### Brief
Restate the listing that follows word for word, without its pictures.

*** Opening of Data ***

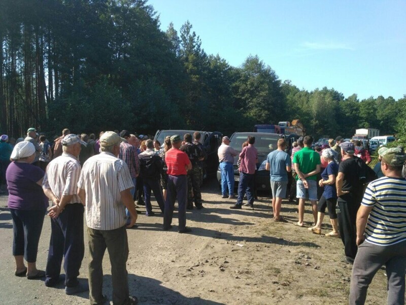 На автодорозі між селами Прилісне та Галузія Маневицького району близько півтори сотні людей не пускають важку техніку комунального підприємства «Волиньприродресурс». Її планують завезти на ділянку, де хочуть проводити георозвідку і видобуток бурштину.
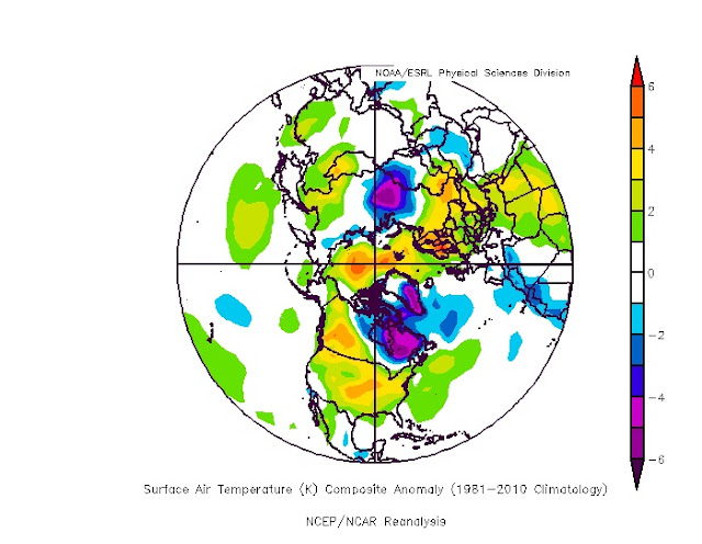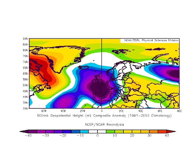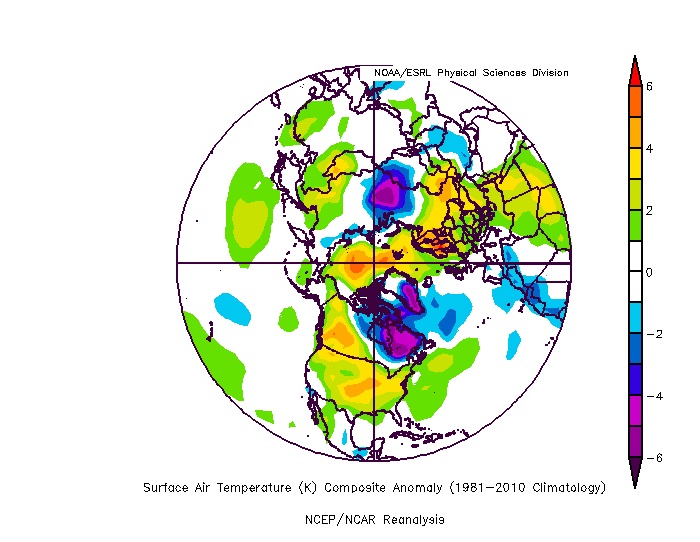Man sieht zwar, daß die Temps über Grönland recht kalt sind, und weiter oben ist zu sehen daß das Wasser ebenfalls zu kalt ist, jedoch kann sich diese kalte Luft nicht dahingehend stabilisieren daß es dadurch zur nachhaltigen Bildung eines starken Grönlandhochs käme, welches im Zusammenspiel mit einem starken Azorenhoch die bereits angesprochenen Nordwestlagen - und damit wechselhaftes, kühles Wetter- verursachen würde.
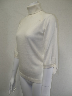 レーヨンナイロンのタートルニット 袖付けのタック寄せがキュート
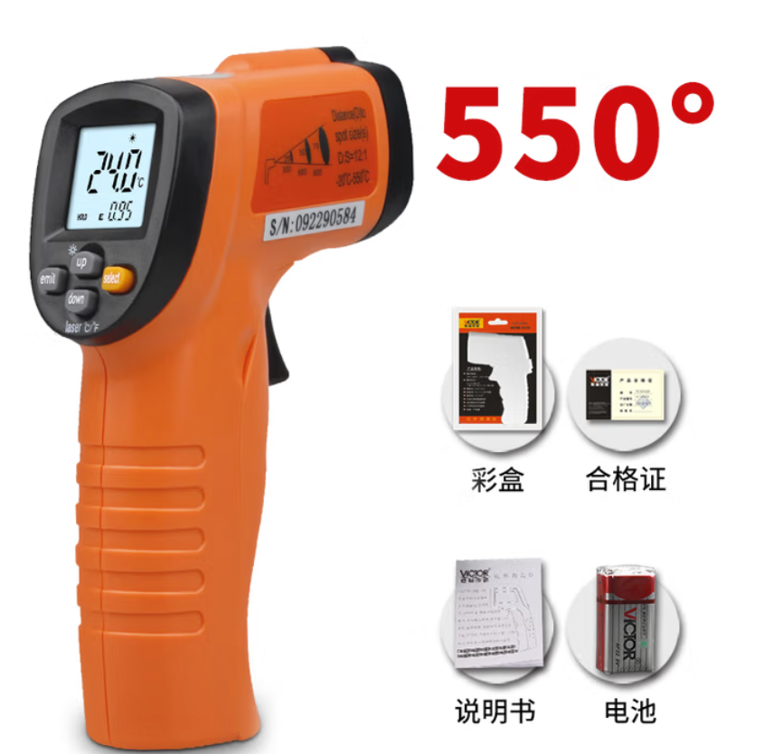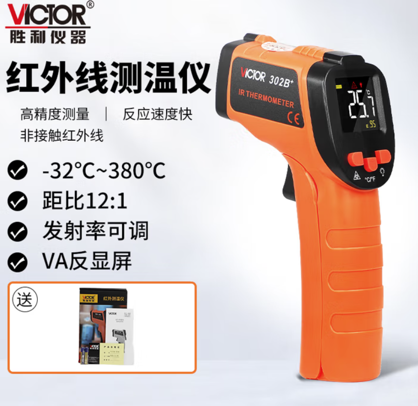 胜利仪器(VICTOR)测温枪工业级红外测温仪高精度油温计厨房烘培测温度枪 VC302B+

*** Close of Data ***

### Output
 На автодорозі між селами Прилісне та Галузія Маневицького району близько півтори сотні людей не пускають важку техніку комунального підприємства «Волиньприродресурс». Її планують завезти на ділянку, де хочуть проводити георозвідку і видобуток бурштину.
Man sieht zwar, daß die Temps über Grönland recht kalt sind, und weiter oben ist zu sehen daß das Wasser ebenfalls zu kalt ist, jedoch kann sich diese kalte Luft nicht dahingehend stabilisieren daß es dadurch zur nachhaltigen Bildung eines starken Grönlandhochs käme, welches im Zusammenspiel mit einem starken Azorenhoch die bereits angesprochenen Nordwestlagen - und damit wechselhaftes, kühles Wetter- verursachen würde.
 レーヨンナイロンのタートルニット 袖付けのタック寄せがキュート
 胜利仪器(VICTOR)测温枪工业级红外测温仪高精度油温计厨房烘培测温度枪 VC302B+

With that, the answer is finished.